• Assignment
Return all of the data exactly as written, without the pictures.

• Source material
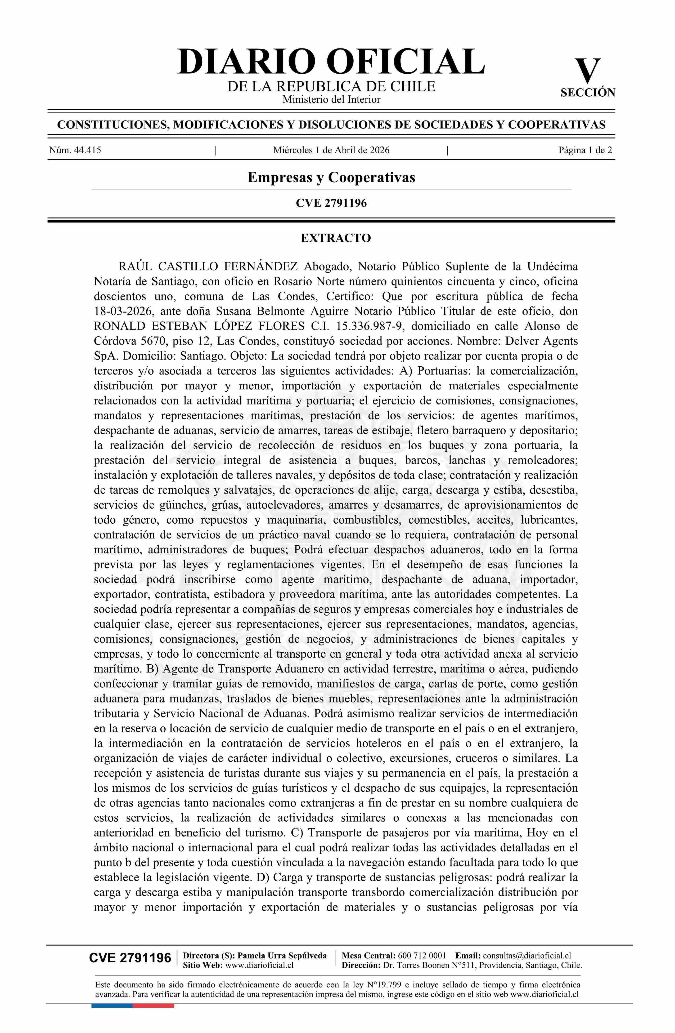 Fuente: Diario Oficial Edición Electrónica (Diario Oficial de Chile - 5 Empresas Y Cooper) Página(s): 24-25
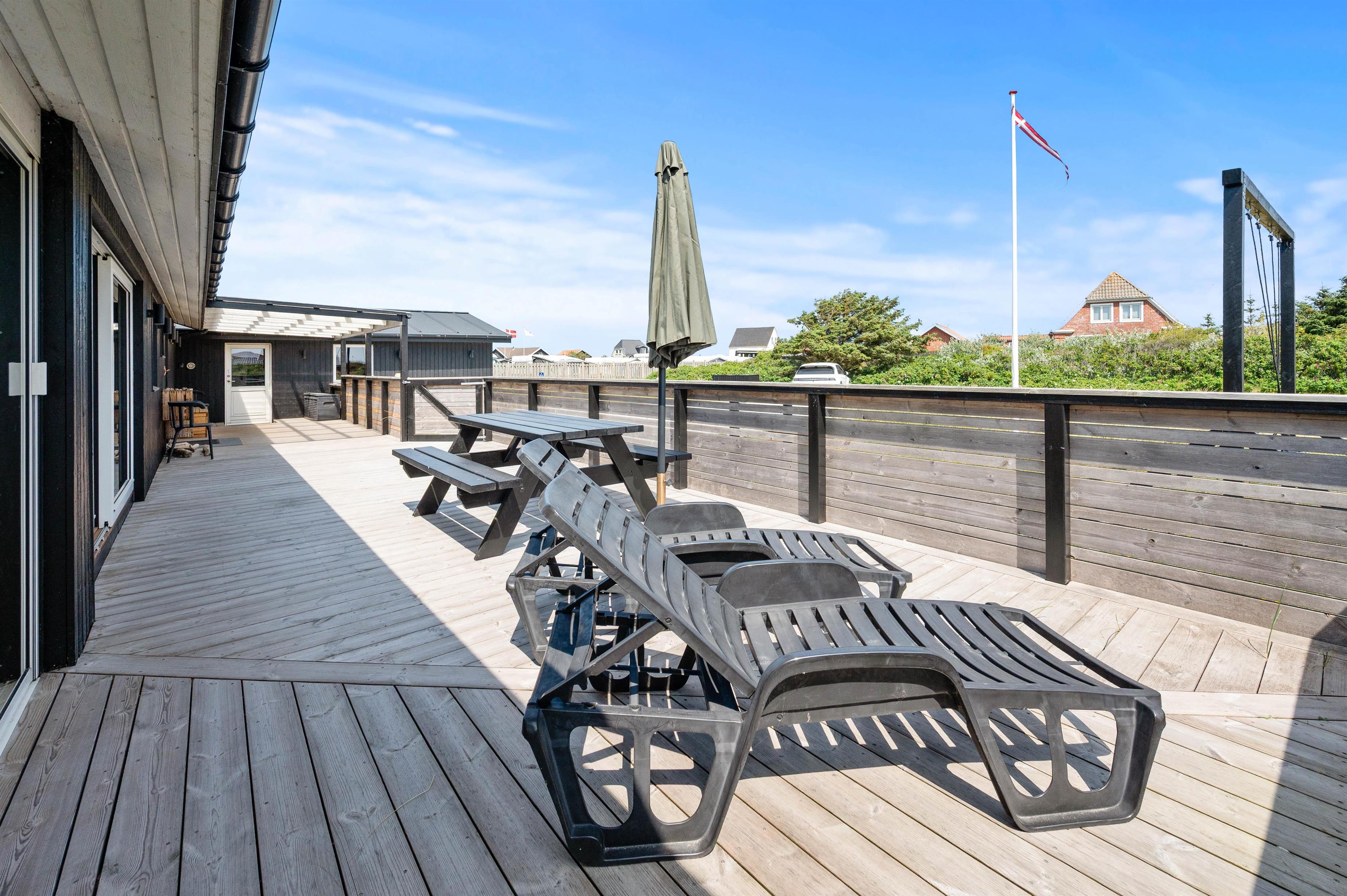 Sommerhuset har en dejlig lukket og overdækket træterrasse, hvor hunden kan boltre sig uden at være i snor.
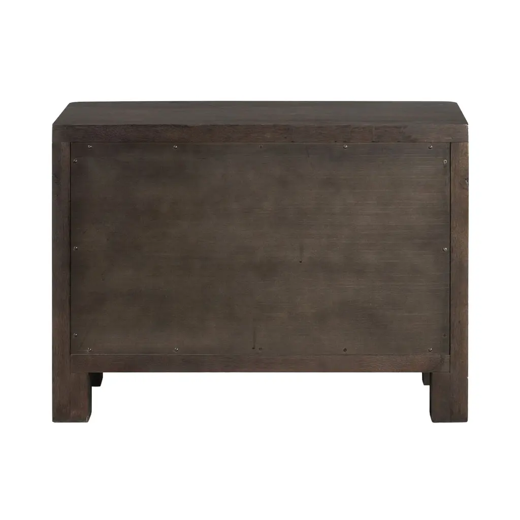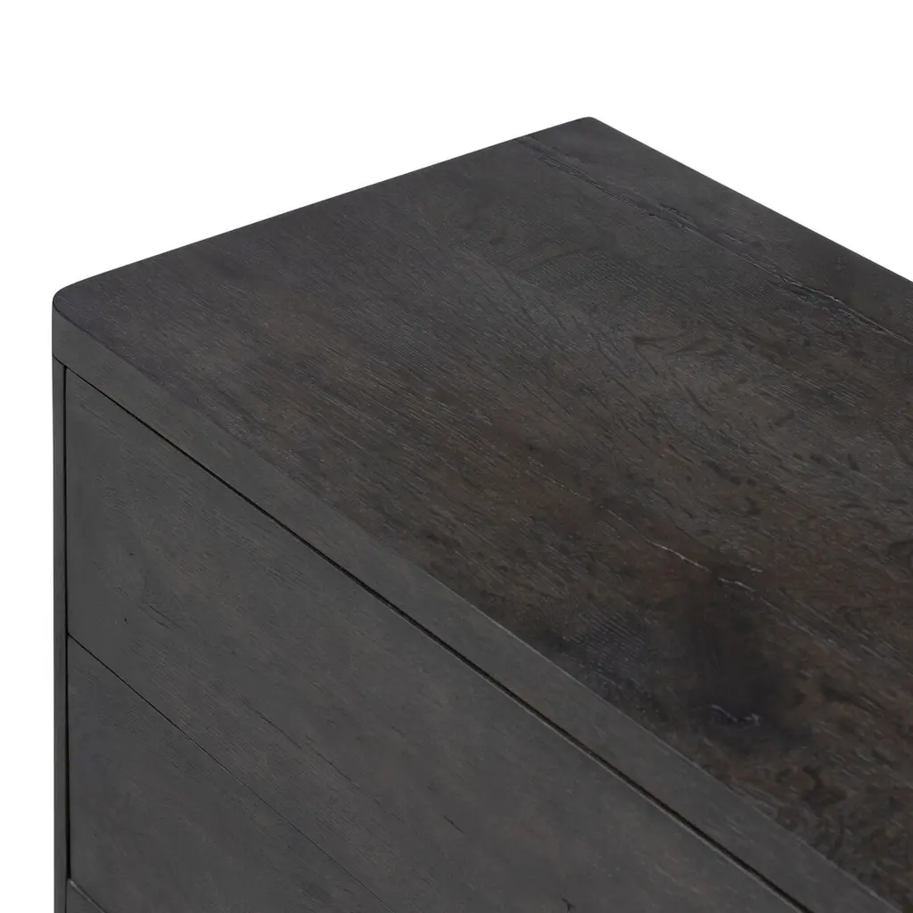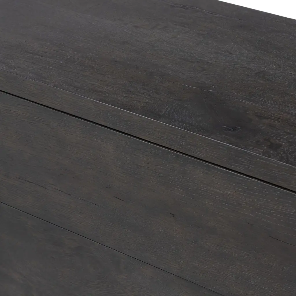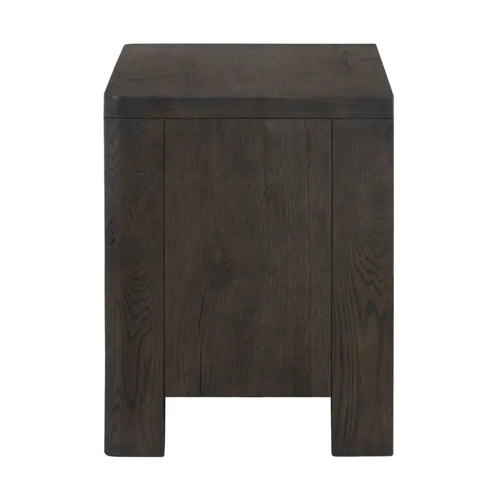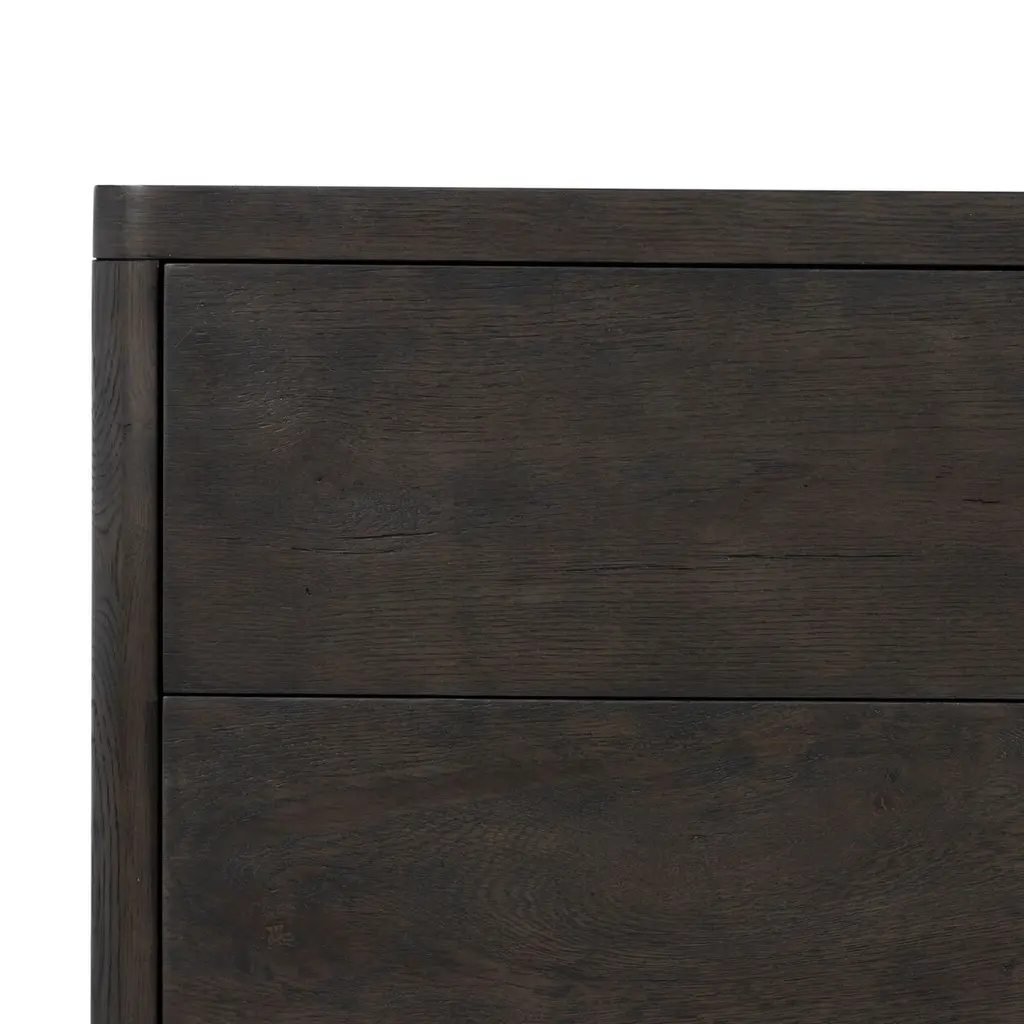 Topped with a thick plank of solid oak, this extra-wide nightstand blends modern lines and warm character with two roomy drawers, slightly curved corners, and solid square legs. Seamless drawer fronts have a push-latch mechanism, offering a sleek and functional design. Crafted with precision, this nightstand combines the durability of solid oak and veneer to create a timeless piece for any bedroom.

• Result of the exercise
 Fuente: Diario Oficial Edición Electrónica (Diario Oficial de Chile - 5 Empresas Y Cooper) Página(s): 24-25
 Sommerhuset har en dejlig lukket og overdækket træterrasse, hvor hunden kan boltre sig uden at være i snor.
 Topped with a thick plank of solid oak, this extra-wide nightstand blends modern lines and warm character with two roomy drawers, slightly curved corners, and solid square legs. Seamless drawer fronts have a push-latch mechanism, offering a sleek and functional design. Crafted with precision, this nightstand combines the durability of solid oak and veneer to create a timeless piece for any bedroom.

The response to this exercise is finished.